■ Goal of the exercise:
Would you pull out every line of the material that contains the string "with"?

■ Source information:
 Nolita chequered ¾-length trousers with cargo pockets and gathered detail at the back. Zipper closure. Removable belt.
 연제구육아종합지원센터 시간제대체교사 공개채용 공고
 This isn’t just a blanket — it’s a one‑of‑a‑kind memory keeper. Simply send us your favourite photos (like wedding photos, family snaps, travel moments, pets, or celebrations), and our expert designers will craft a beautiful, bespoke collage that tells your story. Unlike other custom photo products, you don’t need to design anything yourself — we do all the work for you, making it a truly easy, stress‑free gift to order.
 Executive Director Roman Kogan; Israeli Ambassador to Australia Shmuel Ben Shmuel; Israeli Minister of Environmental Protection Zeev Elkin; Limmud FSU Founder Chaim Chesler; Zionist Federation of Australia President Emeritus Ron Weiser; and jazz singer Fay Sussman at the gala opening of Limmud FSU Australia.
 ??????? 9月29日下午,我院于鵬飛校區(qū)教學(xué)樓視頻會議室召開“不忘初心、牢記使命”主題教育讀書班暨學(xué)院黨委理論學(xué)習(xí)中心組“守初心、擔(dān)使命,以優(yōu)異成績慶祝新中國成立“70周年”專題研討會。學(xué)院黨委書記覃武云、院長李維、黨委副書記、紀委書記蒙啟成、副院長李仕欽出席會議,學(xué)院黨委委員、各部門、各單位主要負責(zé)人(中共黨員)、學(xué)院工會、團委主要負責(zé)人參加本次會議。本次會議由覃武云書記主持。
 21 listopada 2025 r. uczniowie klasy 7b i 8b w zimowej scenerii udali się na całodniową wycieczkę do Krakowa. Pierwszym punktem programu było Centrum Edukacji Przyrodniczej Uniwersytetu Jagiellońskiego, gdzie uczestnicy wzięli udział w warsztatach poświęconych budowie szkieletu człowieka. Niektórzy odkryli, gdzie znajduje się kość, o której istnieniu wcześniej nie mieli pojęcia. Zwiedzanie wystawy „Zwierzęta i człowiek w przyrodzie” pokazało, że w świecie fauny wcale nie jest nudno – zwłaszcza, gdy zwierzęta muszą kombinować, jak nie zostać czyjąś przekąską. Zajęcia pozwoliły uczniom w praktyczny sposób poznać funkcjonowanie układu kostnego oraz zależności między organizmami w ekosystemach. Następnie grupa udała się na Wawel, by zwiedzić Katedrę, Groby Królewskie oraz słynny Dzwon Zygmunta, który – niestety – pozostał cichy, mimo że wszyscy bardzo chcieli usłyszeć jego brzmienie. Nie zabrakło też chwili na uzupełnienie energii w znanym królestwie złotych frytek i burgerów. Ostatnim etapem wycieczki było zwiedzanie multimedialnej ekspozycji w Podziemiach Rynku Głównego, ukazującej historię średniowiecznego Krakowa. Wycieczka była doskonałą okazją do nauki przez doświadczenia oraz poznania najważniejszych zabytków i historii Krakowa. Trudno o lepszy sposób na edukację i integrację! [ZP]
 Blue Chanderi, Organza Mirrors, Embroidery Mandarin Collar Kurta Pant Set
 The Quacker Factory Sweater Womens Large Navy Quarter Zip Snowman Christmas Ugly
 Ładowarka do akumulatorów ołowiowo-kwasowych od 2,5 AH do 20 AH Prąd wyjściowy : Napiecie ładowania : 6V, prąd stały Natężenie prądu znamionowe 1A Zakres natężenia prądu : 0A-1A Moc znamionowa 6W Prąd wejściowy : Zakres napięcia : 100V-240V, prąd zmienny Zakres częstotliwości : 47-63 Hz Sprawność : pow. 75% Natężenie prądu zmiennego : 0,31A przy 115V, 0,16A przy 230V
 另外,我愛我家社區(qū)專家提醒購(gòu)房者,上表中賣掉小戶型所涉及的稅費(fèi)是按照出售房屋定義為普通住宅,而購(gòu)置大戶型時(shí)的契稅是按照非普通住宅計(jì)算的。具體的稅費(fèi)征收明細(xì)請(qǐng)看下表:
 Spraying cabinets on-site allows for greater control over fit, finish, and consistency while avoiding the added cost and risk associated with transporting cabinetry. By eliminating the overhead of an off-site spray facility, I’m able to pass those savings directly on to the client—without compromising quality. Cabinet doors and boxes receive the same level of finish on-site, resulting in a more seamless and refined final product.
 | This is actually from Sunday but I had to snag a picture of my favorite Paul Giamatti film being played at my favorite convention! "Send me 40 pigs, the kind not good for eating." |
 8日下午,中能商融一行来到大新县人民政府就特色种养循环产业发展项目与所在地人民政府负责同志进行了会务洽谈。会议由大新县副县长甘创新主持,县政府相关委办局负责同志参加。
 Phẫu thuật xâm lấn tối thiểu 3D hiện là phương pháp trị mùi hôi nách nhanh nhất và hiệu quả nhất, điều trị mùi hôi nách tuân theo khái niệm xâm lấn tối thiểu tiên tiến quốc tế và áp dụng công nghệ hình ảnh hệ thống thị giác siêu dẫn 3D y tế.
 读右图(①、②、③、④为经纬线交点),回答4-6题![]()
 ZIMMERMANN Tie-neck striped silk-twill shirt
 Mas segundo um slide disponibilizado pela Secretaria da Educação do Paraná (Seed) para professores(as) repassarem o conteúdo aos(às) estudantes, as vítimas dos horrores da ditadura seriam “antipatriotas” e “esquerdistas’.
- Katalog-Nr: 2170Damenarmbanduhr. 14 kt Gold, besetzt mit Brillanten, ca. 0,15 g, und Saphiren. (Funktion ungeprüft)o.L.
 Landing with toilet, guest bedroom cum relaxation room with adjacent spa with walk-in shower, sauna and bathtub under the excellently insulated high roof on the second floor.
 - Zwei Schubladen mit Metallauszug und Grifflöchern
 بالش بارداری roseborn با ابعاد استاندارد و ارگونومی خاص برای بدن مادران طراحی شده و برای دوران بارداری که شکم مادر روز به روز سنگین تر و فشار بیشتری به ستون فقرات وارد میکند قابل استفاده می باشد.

■ Task output:
 Nolita chequered ¾-length trousers with cargo pockets and gathered detail at the back. Zipper closure. Removable belt.
 Spraying cabinets on-site allows for greater control over fit, finish, and consistency while avoiding the added cost and risk associated with transporting cabinetry. By eliminating the overhead of an off-site spray facility, I’m able to pass those savings directly on to the client—without compromising quality. Cabinet doors and boxes receive the same level of finish on-site, resulting in a more seamless and refined final product.
 Landing with toilet, guest bedroom cum relaxation room with adjacent spa with walk-in shower, sauna and bathtub under the excellently insulated high roof on the second floor.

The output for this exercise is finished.